Hughes knows that to achieve client-centricity means working towards a "single view of the customer which means having master data held in a single repository [and] the ability to present that entire customer view back to your sales force in whatever way they want to consume the data".
That requires a system that cuts across the entire business.
He said the implementation plan is to execute a "clean break" from the legacy software as much as can be achieved within the bounds of the old environment.
However, the complexity of the legacy architecture would play a part.
"We haven't got a modular services oriented architecture in place today in our legacy environment," Hughes said.
"What that means in practice is you can't just put in the new GL [general ledger, and] take out the old GL - it's a very complex program.
"We can't [just] rip out the old general ledger. We've got to basically work within that construct so there's a lot of mapping tables required."
Another source of complexity is that some of Elders' front-end systems - not scheduled for change until releases two and three - incorporate general ledger code that points to sets of numbers in the legacy system.

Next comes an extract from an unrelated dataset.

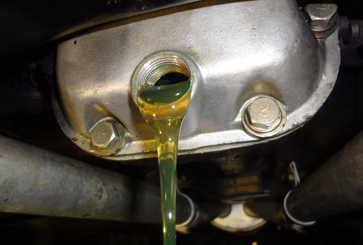 今回使用したオイル量はマニュアル通り、約1.5リットルくらい。あふれ出てくる事を確認するため、それよりちょっとだけ多く入れた感じです。
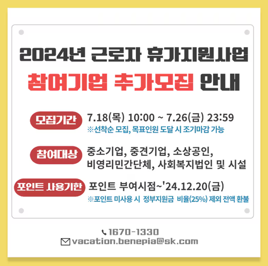 2024년 근로자 휴가지원사업 신청 안내

Delete or rationalise the back-end systems and "you effectively crash your [front-end] code", Hughes said.
In practice, that means legacy and new finance systems will run in parallel in the first release.
"Nothing goes away," he said.
Elders also plans to retain some bespoke agriculture systems.
"But we'll change the way the software operates so it works in the context of a modern ERP, and ensure that we have the data integrity that we need around that core customer," Hughes said.
Ditching the green-screen
Rationalising 20-plus years of IT into a central, enterprise-wide system poses complex change management challenges.
"It's always difficult to roll out new things into any environment but when you overlay that with our rural and regional footprint, [merely] getting people together for training is really challenging," Hughes said.
The change implications of Connect are broader than IT; Connect is a business project that incorporates IT, rather than being a pure-play technology project.
In recognition of that, Elders has set up a steering committee of "key general managers across the rural services business" to get a better understanding of the change implications of Connect.
It also runs a "large user advisory group" made up of people it effectively sees as "change champions".
"Rather than define something in a head office environment and then land it at the branch level, what we've got is quite an exhaustive user advisory group who are instrumental in helping us define the look-and-feel and operability of the systems," Hughes said.
"That is really important for what we're trying to do here."
Hughes said a recent change readiness survey showed there was an appetite for change among rural and regional staff.
The survey garnered a response rate of approximately 70 percent in the first 48 hours
"It was astounding," he said.
"People want something new because they know that what they have today limits their ability, makes their job difficult and complex.
"Our change readiness surveys that we've run overwhelmingly give us that indication."
Hughes said that while staff might be used to "intuitive", browser-based computing at home, Elders' branch networks run a "green-screen-based environment".
"[Staff] have a degree of technology [at home] that's not really commensurate with what we ask them to use when they come to the office," Hughes said.
"The challenge that we have is I think there's such a willingness to embrace what needs to be done.
"There's a concern around how we're going to do it, and those concerns are always right - but there's such a willingness to embrace it that our biggest challenge is the expectation gap.
"The challenge though is making sure the expectations aren't so high that we can't deliver them."